Exercise — Each line of the records must appear in your answer exactly, with no pictures.

Provided records —

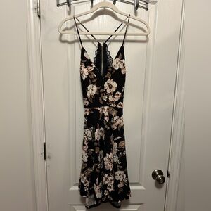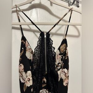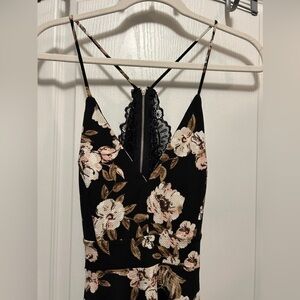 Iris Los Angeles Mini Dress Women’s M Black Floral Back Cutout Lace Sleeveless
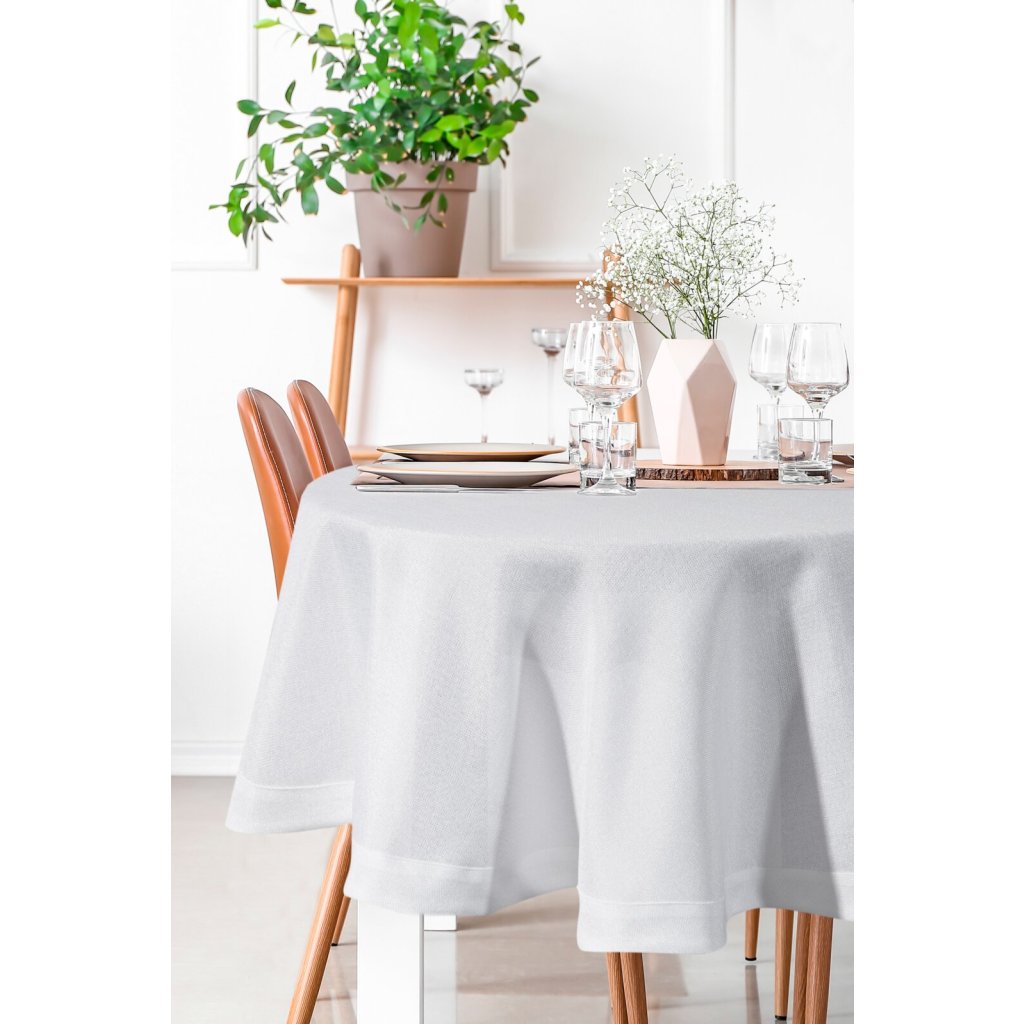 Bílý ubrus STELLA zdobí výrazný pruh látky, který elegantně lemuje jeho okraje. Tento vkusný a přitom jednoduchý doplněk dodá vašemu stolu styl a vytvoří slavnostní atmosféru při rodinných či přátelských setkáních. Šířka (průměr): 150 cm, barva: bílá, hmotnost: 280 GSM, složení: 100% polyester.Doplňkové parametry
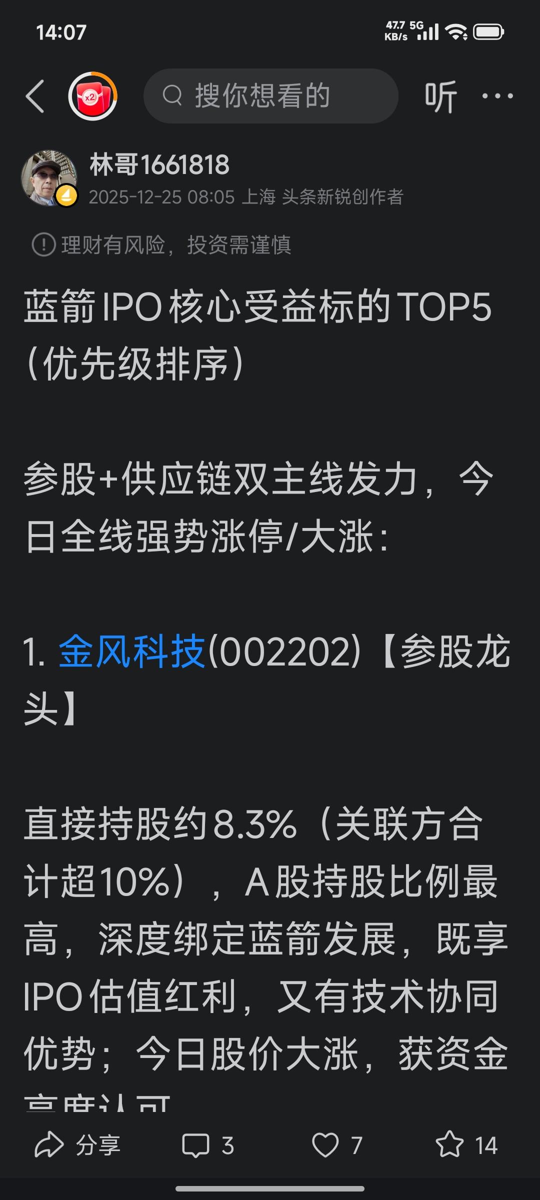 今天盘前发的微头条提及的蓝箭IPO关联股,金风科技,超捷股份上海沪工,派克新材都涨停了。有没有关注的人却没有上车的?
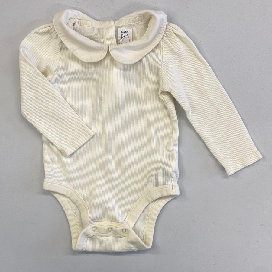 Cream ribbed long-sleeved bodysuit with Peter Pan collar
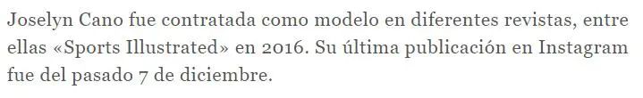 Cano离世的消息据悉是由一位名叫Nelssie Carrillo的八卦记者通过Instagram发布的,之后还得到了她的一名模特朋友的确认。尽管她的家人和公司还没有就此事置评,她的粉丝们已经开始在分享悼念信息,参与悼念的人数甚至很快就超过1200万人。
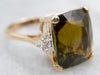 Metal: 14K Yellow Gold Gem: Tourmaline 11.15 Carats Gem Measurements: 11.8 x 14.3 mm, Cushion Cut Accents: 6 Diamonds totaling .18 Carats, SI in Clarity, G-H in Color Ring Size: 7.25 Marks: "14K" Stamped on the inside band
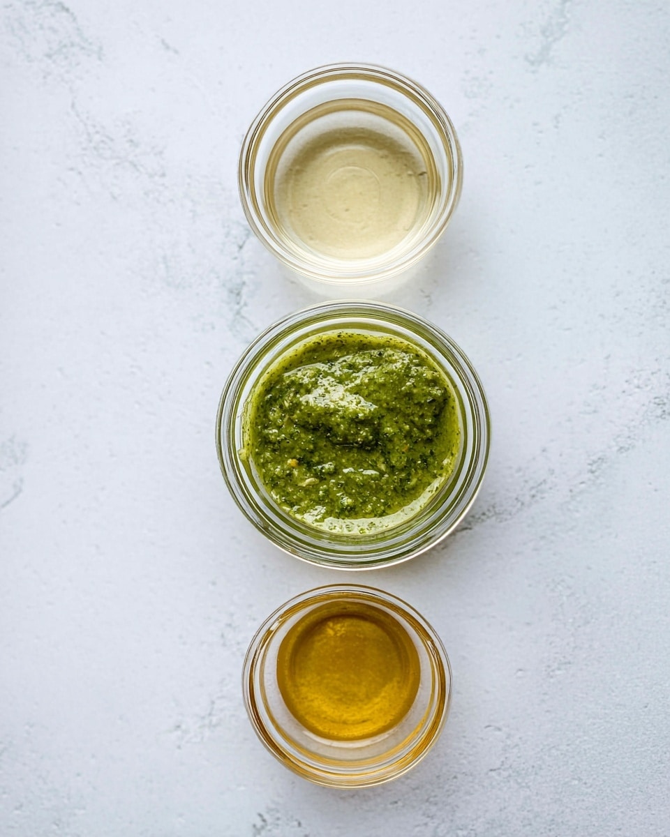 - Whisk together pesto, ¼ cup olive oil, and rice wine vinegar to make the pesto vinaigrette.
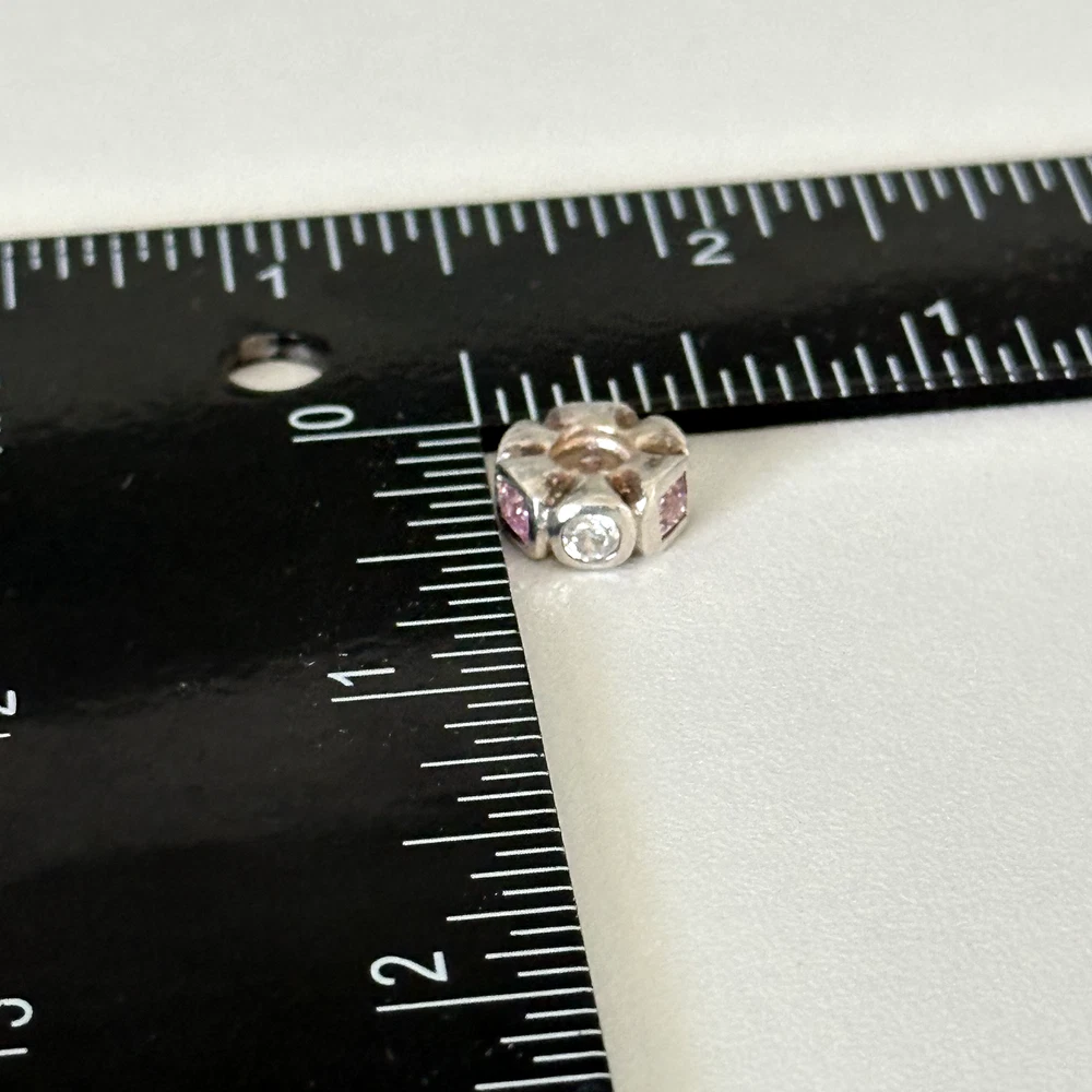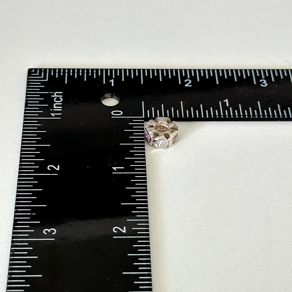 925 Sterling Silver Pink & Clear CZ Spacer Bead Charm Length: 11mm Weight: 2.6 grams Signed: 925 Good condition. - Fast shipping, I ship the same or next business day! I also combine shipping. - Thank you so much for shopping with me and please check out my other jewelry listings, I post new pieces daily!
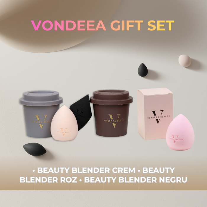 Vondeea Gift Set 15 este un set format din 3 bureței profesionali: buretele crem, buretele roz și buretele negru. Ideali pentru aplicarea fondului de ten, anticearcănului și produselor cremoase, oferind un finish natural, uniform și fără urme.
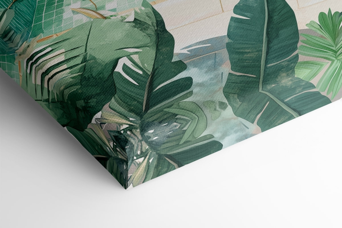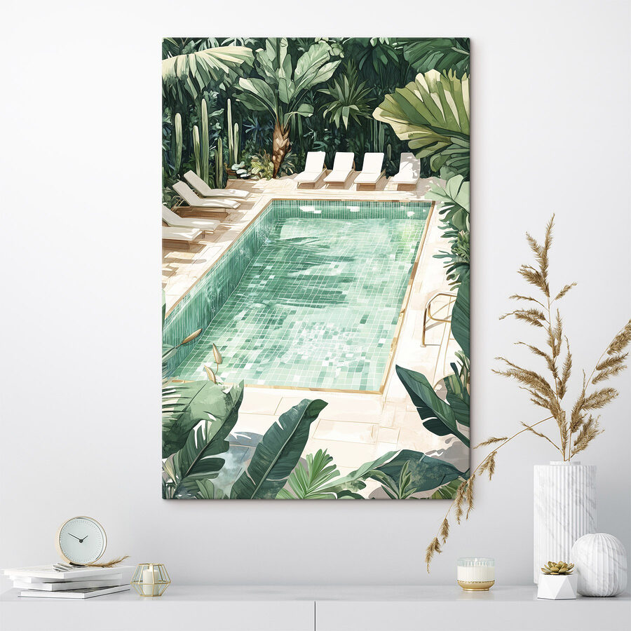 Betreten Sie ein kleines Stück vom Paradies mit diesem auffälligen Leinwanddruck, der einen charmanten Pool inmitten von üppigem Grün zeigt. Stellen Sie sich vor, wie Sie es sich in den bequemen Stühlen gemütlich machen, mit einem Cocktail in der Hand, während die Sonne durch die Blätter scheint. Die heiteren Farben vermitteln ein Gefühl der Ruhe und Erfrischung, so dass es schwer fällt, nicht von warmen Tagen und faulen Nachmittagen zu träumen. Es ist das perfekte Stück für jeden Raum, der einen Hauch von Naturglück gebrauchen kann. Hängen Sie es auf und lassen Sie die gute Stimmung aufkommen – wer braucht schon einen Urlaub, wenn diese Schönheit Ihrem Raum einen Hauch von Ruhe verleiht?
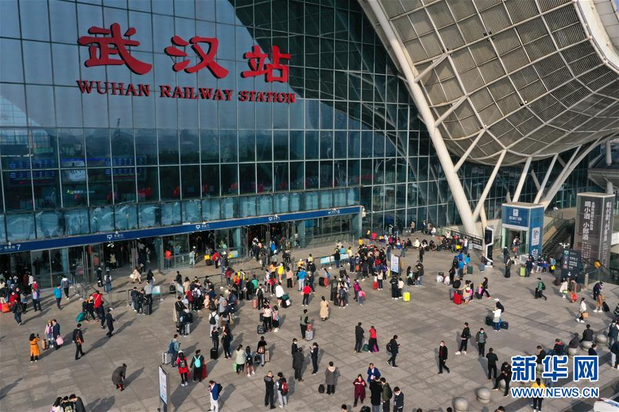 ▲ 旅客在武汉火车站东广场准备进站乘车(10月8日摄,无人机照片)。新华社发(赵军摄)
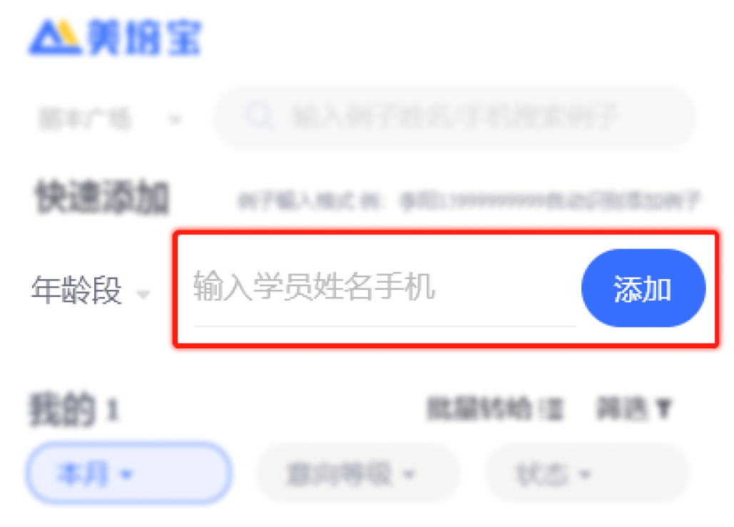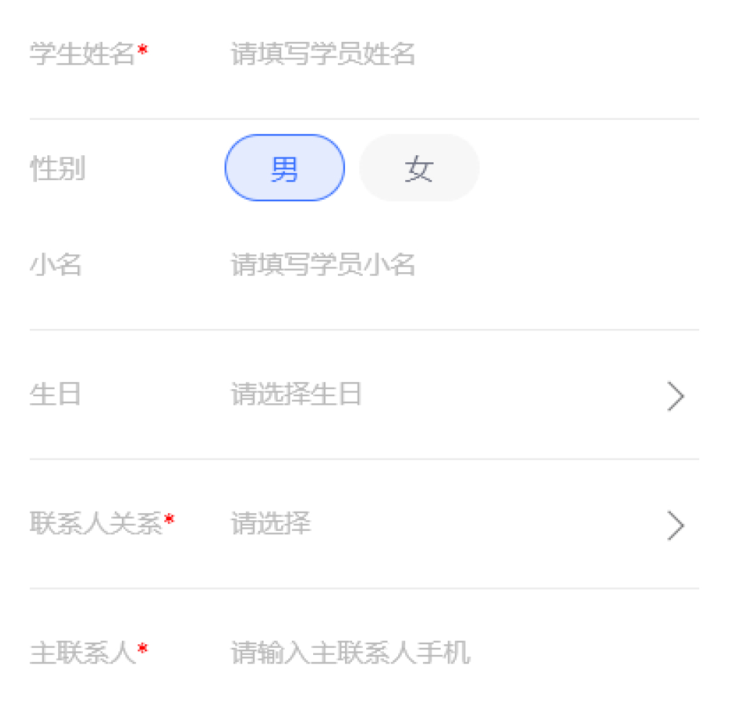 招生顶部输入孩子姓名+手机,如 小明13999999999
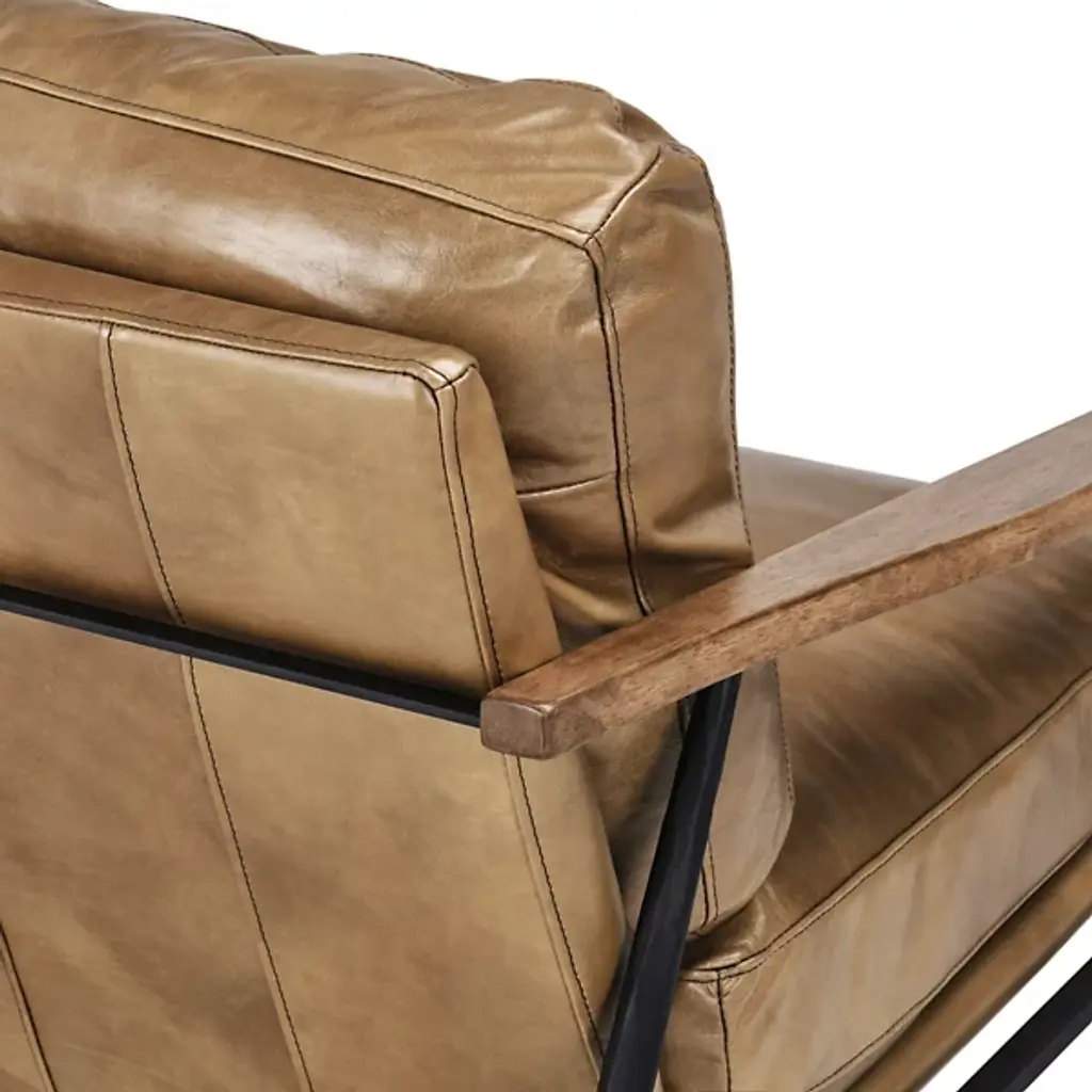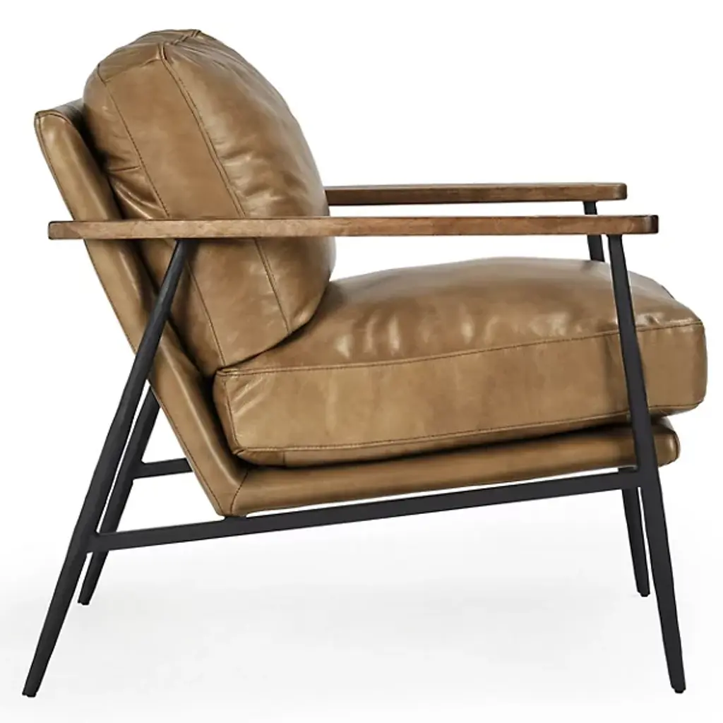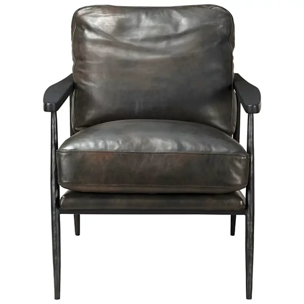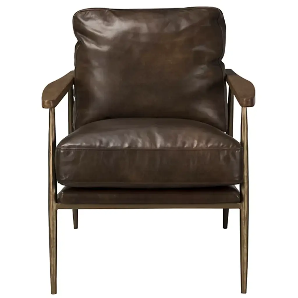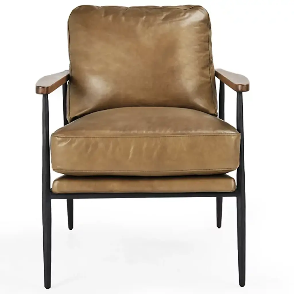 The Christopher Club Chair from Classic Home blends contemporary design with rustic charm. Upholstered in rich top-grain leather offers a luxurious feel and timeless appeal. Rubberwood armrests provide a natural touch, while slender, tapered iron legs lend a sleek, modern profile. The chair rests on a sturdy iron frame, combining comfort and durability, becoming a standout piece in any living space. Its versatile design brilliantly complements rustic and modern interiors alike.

Solution for this problem —
 Iris Los Angeles Mini Dress Women’s M Black Floral Back Cutout Lace Sleeveless
 Bílý ubrus STELLA zdobí výrazný pruh látky, který elegantně lemuje jeho okraje. Tento vkusný a přitom jednoduchý doplněk dodá vašemu stolu styl a vytvoří slavnostní atmosféru při rodinných či přátelských setkáních. Šířka (průměr): 150 cm, barva: bílá, hmotnost: 280 GSM, složení: 100% polyester.Doplňkové parametry
 今天盘前发的微头条提及的蓝箭IPO关联股,金风科技,超捷股份上海沪工,派克新材都涨停了。有没有关注的人却没有上车的?
 Cream ribbed long-sleeved bodysuit with Peter Pan collar
 Cano离世的消息据悉是由一位名叫Nelssie Carrillo的八卦记者通过Instagram发布的,之后还得到了她的一名模特朋友的确认。尽管她的家人和公司还没有就此事置评,她的粉丝们已经开始在分享悼念信息,参与悼念的人数甚至很快就超过1200万人。
 Metal: 14K Yellow Gold Gem: Tourmaline 11.15 Carats Gem Measurements: 11.8 x 14.3 mm, Cushion Cut Accents: 6 Diamonds totaling .18 Carats, SI in Clarity, G-H in Color Ring Size: 7.25 Marks: "14K" Stamped on the inside band
 - Whisk together pesto, ¼ cup olive oil, and rice wine vinegar to make the pesto vinaigrette.
 925 Sterling Silver Pink & Clear CZ Spacer Bead Charm Length: 11mm Weight: 2.6 grams Signed: 925 Good condition. - Fast shipping, I ship the same or next business day! I also combine shipping. - Thank you so much for shopping with me and please check out my other jewelry listings, I post new pieces daily!
 Vondeea Gift Set 15 este un set format din 3 bureței profesionali: buretele crem, buretele roz și buretele negru. Ideali pentru aplicarea fondului de ten, anticearcănului și produselor cremoase, oferind un finish natural, uniform și fără urme.
 Betreten Sie ein kleines Stück vom Paradies mit diesem auffälligen Leinwanddruck, der einen charmanten Pool inmitten von üppigem Grün zeigt. Stellen Sie sich vor, wie Sie es sich in den bequemen Stühlen gemütlich machen, mit einem Cocktail in der Hand, während die Sonne durch die Blätter scheint. Die heiteren Farben vermitteln ein Gefühl der Ruhe und Erfrischung, so dass es schwer fällt, nicht von warmen Tagen und faulen Nachmittagen zu träumen. Es ist das perfekte Stück für jeden Raum, der einen Hauch von Naturglück gebrauchen kann. Hängen Sie es auf und lassen Sie die gute Stimmung aufkommen – wer braucht schon einen Urlaub, wenn diese Schönheit Ihrem Raum einen Hauch von Ruhe verleiht?
 ▲ 旅客在武汉火车站东广场准备进站乘车(10月8日摄,无人机照片)。新华社发(赵军摄)
 招生顶部输入孩子姓名+手机,如 小明13999999999
 The Christopher Club Chair from Classic Home blends contemporary design with rustic charm. Upholstered in rich top-grain leather offers a luxurious feel and timeless appeal. Rubberwood armrests provide a natural touch, while slender, tapered iron legs lend a sleek, modern profile. The chair rests on a sturdy iron frame, combining comfort and durability, becoming a standout piece in any living space. Its versatile design brilliantly complements rustic and modern interiors alike.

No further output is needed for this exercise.